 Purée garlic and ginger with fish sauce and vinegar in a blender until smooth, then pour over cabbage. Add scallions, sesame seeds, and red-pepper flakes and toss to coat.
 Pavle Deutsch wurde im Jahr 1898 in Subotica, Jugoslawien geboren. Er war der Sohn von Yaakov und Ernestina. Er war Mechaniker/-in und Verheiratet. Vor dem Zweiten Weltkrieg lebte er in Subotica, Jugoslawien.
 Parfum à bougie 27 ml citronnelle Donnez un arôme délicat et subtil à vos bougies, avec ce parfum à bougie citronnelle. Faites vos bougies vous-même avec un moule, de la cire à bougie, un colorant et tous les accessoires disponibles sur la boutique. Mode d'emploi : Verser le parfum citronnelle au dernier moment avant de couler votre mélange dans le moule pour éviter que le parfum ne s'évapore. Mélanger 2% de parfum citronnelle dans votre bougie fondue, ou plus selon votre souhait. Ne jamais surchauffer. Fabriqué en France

--

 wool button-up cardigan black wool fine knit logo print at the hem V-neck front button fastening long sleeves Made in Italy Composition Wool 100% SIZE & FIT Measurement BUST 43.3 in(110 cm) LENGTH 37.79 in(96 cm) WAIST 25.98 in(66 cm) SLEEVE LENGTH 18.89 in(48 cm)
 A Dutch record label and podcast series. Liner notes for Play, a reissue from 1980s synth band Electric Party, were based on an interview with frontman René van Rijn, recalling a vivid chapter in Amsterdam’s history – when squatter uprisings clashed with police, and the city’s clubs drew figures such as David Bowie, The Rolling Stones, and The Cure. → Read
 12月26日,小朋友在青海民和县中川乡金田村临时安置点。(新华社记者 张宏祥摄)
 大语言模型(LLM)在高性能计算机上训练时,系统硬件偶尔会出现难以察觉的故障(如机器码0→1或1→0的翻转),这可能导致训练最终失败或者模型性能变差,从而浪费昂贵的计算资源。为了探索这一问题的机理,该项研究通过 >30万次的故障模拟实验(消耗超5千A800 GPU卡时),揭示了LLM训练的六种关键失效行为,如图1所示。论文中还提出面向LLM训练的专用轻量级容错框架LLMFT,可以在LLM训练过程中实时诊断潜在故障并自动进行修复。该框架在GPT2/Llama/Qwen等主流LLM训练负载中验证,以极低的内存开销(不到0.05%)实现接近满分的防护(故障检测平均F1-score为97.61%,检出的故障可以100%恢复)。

...

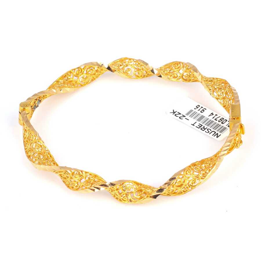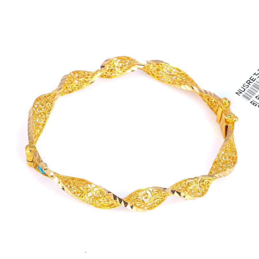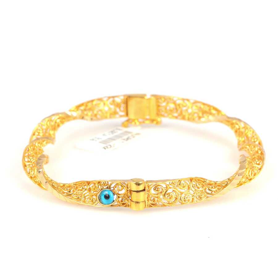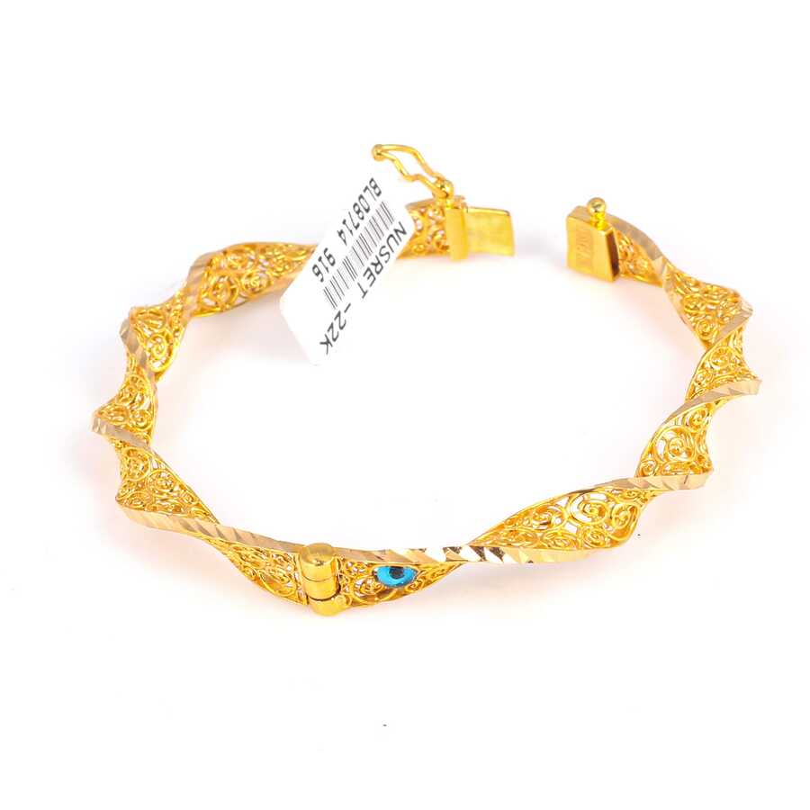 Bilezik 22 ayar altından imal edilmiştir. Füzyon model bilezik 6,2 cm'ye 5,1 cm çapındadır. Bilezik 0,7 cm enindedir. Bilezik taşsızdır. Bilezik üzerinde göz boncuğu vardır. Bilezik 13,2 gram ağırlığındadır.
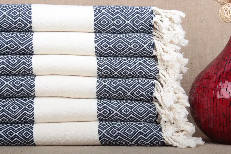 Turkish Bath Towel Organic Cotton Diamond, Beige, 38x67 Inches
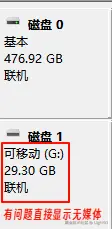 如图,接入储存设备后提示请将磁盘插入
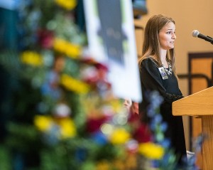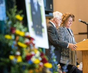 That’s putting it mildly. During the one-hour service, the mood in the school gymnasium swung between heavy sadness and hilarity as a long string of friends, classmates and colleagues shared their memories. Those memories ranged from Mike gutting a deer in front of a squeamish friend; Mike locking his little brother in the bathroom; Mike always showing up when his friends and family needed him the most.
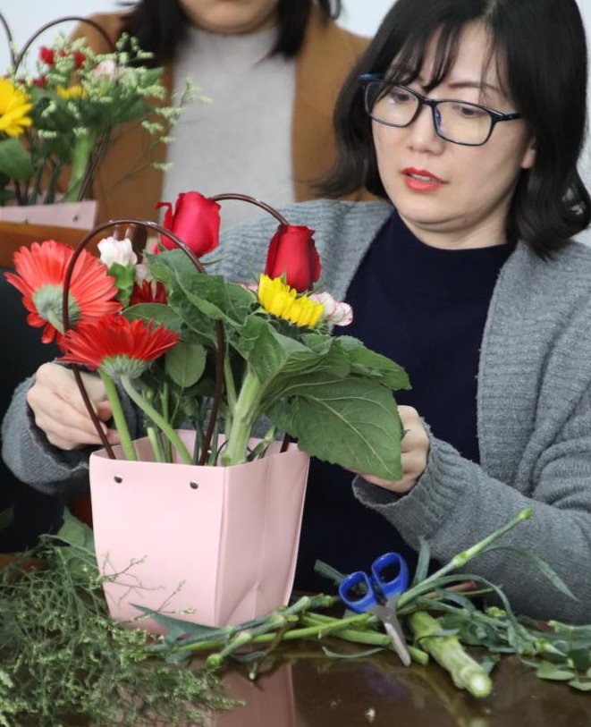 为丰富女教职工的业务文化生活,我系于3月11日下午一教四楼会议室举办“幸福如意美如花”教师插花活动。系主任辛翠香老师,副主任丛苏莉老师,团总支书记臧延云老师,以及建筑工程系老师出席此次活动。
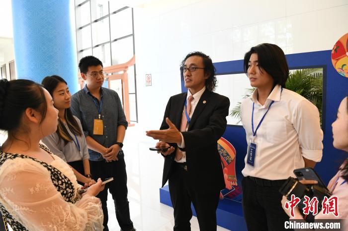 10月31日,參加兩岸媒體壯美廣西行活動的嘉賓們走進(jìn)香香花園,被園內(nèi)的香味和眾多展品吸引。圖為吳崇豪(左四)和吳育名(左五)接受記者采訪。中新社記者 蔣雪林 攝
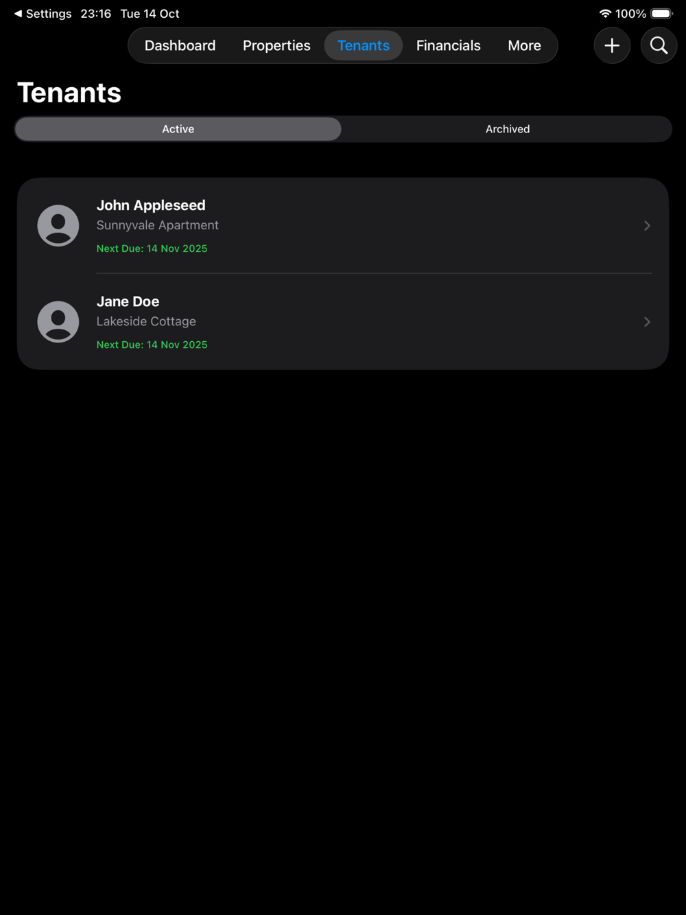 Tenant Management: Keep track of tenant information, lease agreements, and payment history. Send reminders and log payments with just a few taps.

◆ **Task to complete**
From the material above, retype precisely the lines between the line holding "Purée garlic and" and the line holding "Parfum à bougie 27", inclusive, and nothing beyond them.

◆ **Result of the exercise**
 Purée garlic and ginger with fish sauce and vinegar in a blender until smooth, then pour over cabbage. Add scallions, sesame seeds, and red-pepper flakes and toss to coat.
 Pavle Deutsch wurde im Jahr 1898 in Subotica, Jugoslawien geboren. Er war der Sohn von Yaakov und Ernestina. Er war Mechaniker/-in und Verheiratet. Vor dem Zweiten Weltkrieg lebte er in Subotica, Jugoslawien.
 Parfum à bougie 27 ml citronnelle Donnez un arôme délicat et subtil à vos bougies, avec ce parfum à bougie citronnelle. Faites vos bougies vous-même avec un moule, de la cire à bougie, un colorant et tous les accessoires disponibles sur la boutique. Mode d'emploi : Verser le parfum citronnelle au dernier moment avant de couler votre mélange dans le moule pour éviter que le parfum ne s'évapore. Mélanger 2% de parfum citronnelle dans votre bougie fondue, ou plus selon votre souhait. Ne jamais surchauffer. Fabriqué en France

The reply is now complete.